The actual truth is that our perception is rather self-centered, while our analyses and projections are never the whole truth: they validate only one side of the equation and often escalate conflict.

In my observation, any frustration or anger we feel toward others actually informs us about our own needs, boundaries, and limitations. When rather than becoming curious we focus on criticizing the other, we miss out on metabolizing this very important wisdom about our needs, and remain stuck in a relating dynamic that keeps us unfulfilled.

As an example, I thrive in minimal and ordered environments and get frustrated when I see messy rooms of my children or when my husband doesn’t put away his clothes. It’s tempting to attribute my frustration to my children’s messiness, and then try to force them to change. But my feelings are more about my discomfort when I feel out of control than anything about my children needing to change. I get agitated when my husband doesn’t pick up his things, but when I look within, I see that I need him to change his behavior so that I can relax and come to inner balance, not because he is wrong.

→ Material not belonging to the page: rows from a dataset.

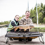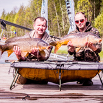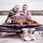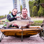 Отже, в районі 10.00 палки завезені й ми в очікуванні клювання прийнялися готувати сніданок та насолоджуватися відпочинком і Білоруською природою. Перше клювання в нас відбулося в 12.20 з дальньої точки, на другу палку яка була завезена за кормове п'ятно. Короп відразу стрімко намагається зачепитися за підводне каміння, тому лізу в човен і за рибою, і чомусь вирішив взяти з собою підсак які теж як нововведення видають на водоймі разом з матами та сумками для зважування, але якість того трикутного підсака не фонтан і мілка сітка не дозволяє нормально керувати ним при виважуванні, тому риба вдалося завести тільки з 3-4 спроби, коли він конкретно втомився і на бочку зайшов в підсак. Вага показала 9.500 спрацювала насадка CC Baits Fluoro Pop-Ups Pineapple & N-Butyric Acid з двома кукурудзами. Після чого настало тривале затишшя, погода почала мінятися, то парить, то вітер, але кожні три години, ми намагалися перезавозити оснастки в надії підібрати ключик до риби. Від знайомих чув що особливість даного сектору саме в нічній ловлі, а протягом дня на велику кількість клювань не варто розраховувати, і риба прохідна. В ранці вона йде в сторону дамби, і даний прохід ми прозівали через маркування та приготування корму, а в вечері повертається назад. Хоча в теплу пору року вона також виходить на мілководну частину водойми погрітися, проте даний день теплим було важко назвати. Наступне клювання відбулося аж о 17.25 і теж з дальньої точки на перше вудилище, виважування і короп вагою 7.000, перезавозим і через годину знову клювання на дану палку і знову короп 7.200 зпрацювала насадка CC Baits Fluoro Pop-Ups, Pineapple & N-Butyric Acid з двома кукурудзами – пелет мовчав. Далі включилася третя палка з ближньої точки й знову перша палка. За дві години часу в нас відбулося чотири клювання і ми отримали сигнали з обох точок, значить місце ми обрали правильно і лишається нарощувати темп. Після кожного клювання ми підкидали по черпачку корму на точку, щоб максимально на довго затримати рибу. З 20.00-22.00 беремо ще три риби дві з який знову на першу палку. Почало темніти і ми взялися за вечерю, та замариноване на передодні білоруське м'ясо, в надії що паровози нам не дадуть перекусити як це відбувалося в Хорватії, але наступну серію покльовок ми отримали тільки о 00.00 з ближньої точки – амур на 4.000, далі дана точка почала приносити стабільно кожну годину півтори рибу і з цієї точки ми взяли найбільшу рибу даного дня коропа на 10.000 який клюнув на CC Baits Fluoro Pop-Ups Honey з підсадкою тигрового горіха. Клювання продовжувалися до 3.00, а далі наступило затишшя аж до ранку і тільки о 7.10 ми взяли наступну рибу. Загалом за першу добу нам вдалося отримати 15 клювань і спіймати 13 риб загальною вагою 112 кг., а також на першому вудилищі мали один зачеп та один схід. Ще одне нововведення з цього року – це використання безбородих гачків на озері Черніца (охорона постійно перевіряє оснастки та поводки, тому жартувати з цим, "тіпа проканає" і ніхто не побачить, там не варто, все перевіряють).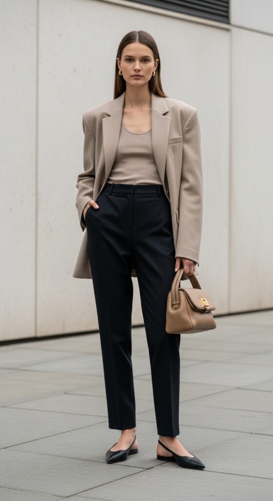 Neutral tones like cream, beige, or soft grey lend a monochromatic appeal that is sophisticated yet understated. Complete this look with pointed-toe mules or flats and a structured handbag for polish. This outfit transitions seamlessly from office hours to after-work gatherings or gallery visits, all while keeping style at the forefront with minimal effort.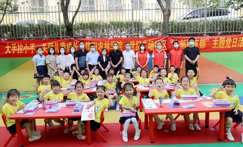 为学习贯彻习近平总书记在庆祝中国共产主义青年团成立100周年大会上的重要讲话精神,落实市委“支部联支部”活动相关要求,深化beat365在线平台官网基层党支部与结对社区党支部的紧密联系,以党建带团建、团建促党建,6月7日上午,在机关党总支的筹划安排下,团委党支部、国有资产管理处党支部与平桥世纪广场社区党支部一同前往平桥区雨润佳禾幼儿园开展“支部联支部 大手拉小手”关爱儿童成长主题党日活动。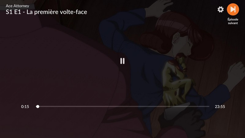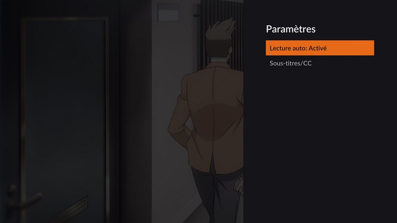 Un appui vers le haut donne accès aux options de sous-titrages, mais permet aussi d’afficher le bouton pour passer à l’épisode suivant (dans le cas d’une série).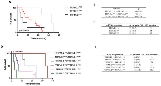 Santoni, G.; Maggi, F.; Amantini, C.; Arcella, A.; Marinelli, O.; Nabissi, M.; Santoni, M.; Morelli, M.B. Coexpression of TRPML1 and TRPML2 Mucolipin Channels Affects the Survival of Glioblastoma Patients. Int. J. Mol. Sci. 2022, 23, 7741. https://doi.org/10.3390/ijms23147741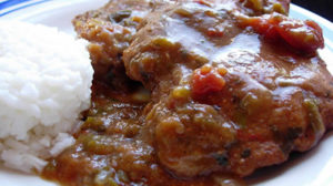 Y faire revenir l’oignon et les poivrons préalablement émincés.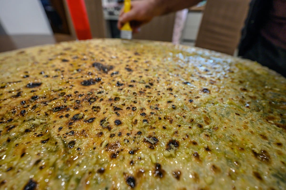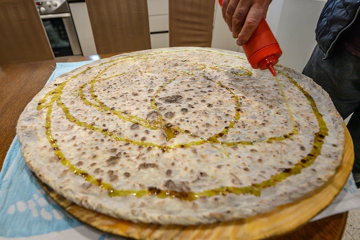 Inače, ja u blitvu stavim jednu kapulu. Ako se pitate zašto, kapula ima svoju slast koja blitvi daje posebnu čar. Možda netko iz nekog razloga ne želi stavljati kapulu. Blitva je sama za sebe gorka, a kapula joj daje konču. Kada smo razvaljali drugo tijesto, poklopit ćemo to i pritisnuti sinijom, da se tijesto i blitva sjedine. Nakon toga se višak tijesta odrubi, a potom se soparnik okroji i zafrnjoka, napraviti lijepu pletenicu. Moj je običaj potom soparnik posuti pšeničnim ili kukuruznim brašnom, ali pretežno kukuruzovim jer će bolje skliznuti sa sinije, a ako je komin gorniji, pomoći će da se ne zalijepi.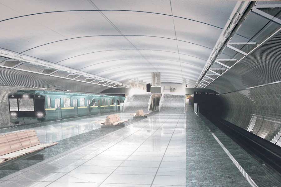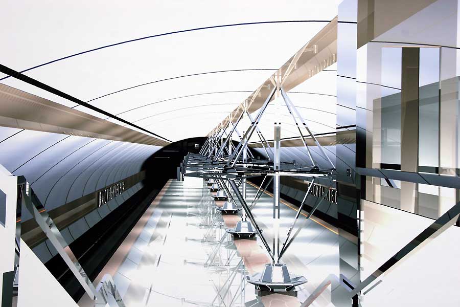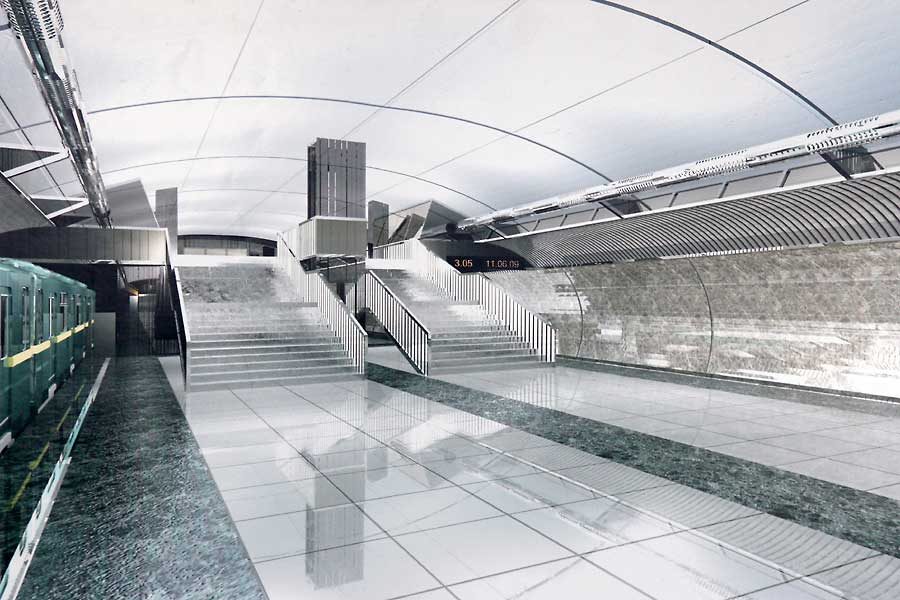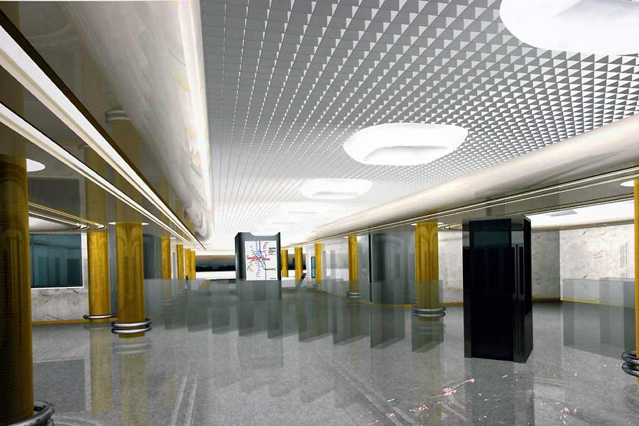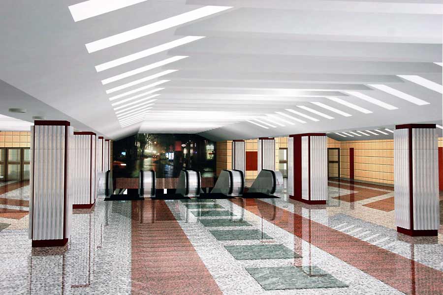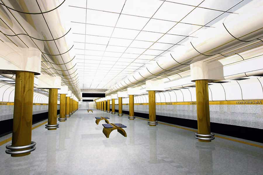 Проект интерьеров станций метрополитена Куреневско-Красноармейской линии, на участке от станции «Лыбидская» до станции «Выставочный центр». Голосеевский район г. Киева.

Recently, while we were packing to move countries, I started packing my bags days before my husband did. To manage my stress, I needed to give myself ample time to think calmly and plan my choices. I noticed how I’d get frustrated or worried that my husband did not prioritize packing, but would take time for other things when I would not.

I caught myself judging him before I saw that we just have different needs and nervous system capacities. My husband is just not stressed out about packing, while I am. Ultimately, we left for the same trip at the same time and it stopped mattering who packed when. I realize that I just need more slowness to operate, while he doesn’t.

I used to view these differences in our tendencies and needs as character traits, where one—usually mine—was superior to the other. When I catch myself judging my husband for our differences, I am reminded of my mother judging my father for all the ways he was not like her.

Today, I know that everyone’s needs are different because our baggage, our survival strategies, and our nervous systems’ capacities are different. I tend to be more anxious, which causes me to plan things ahead so I can mitigate my stress levels. My husband is simply not anxious about the same things as me.

I am not right. He is not wrong. My way is not better than his.

This is important to remember when we get into a conflict.

When we are triggered and our system goes into a stress cycle, even people we love are experienced as a threat. In that moment we are no longer relating to the person in front of us, but re-enacting a situation from the past.

Sometimes we may feel threatened even when our usually loving partners cannot give us attention at the precise moment we need it. Feeling threatened is about safety and most of us look for safety from others, where it can never be guaranteed.

Many people I work with suffer from feeling misunderstood when the other person’s reaction to their emotional revelations does not match their expectations. Often we may experience the behavior of the other as a rejection, while that was not at all the intention of our partner.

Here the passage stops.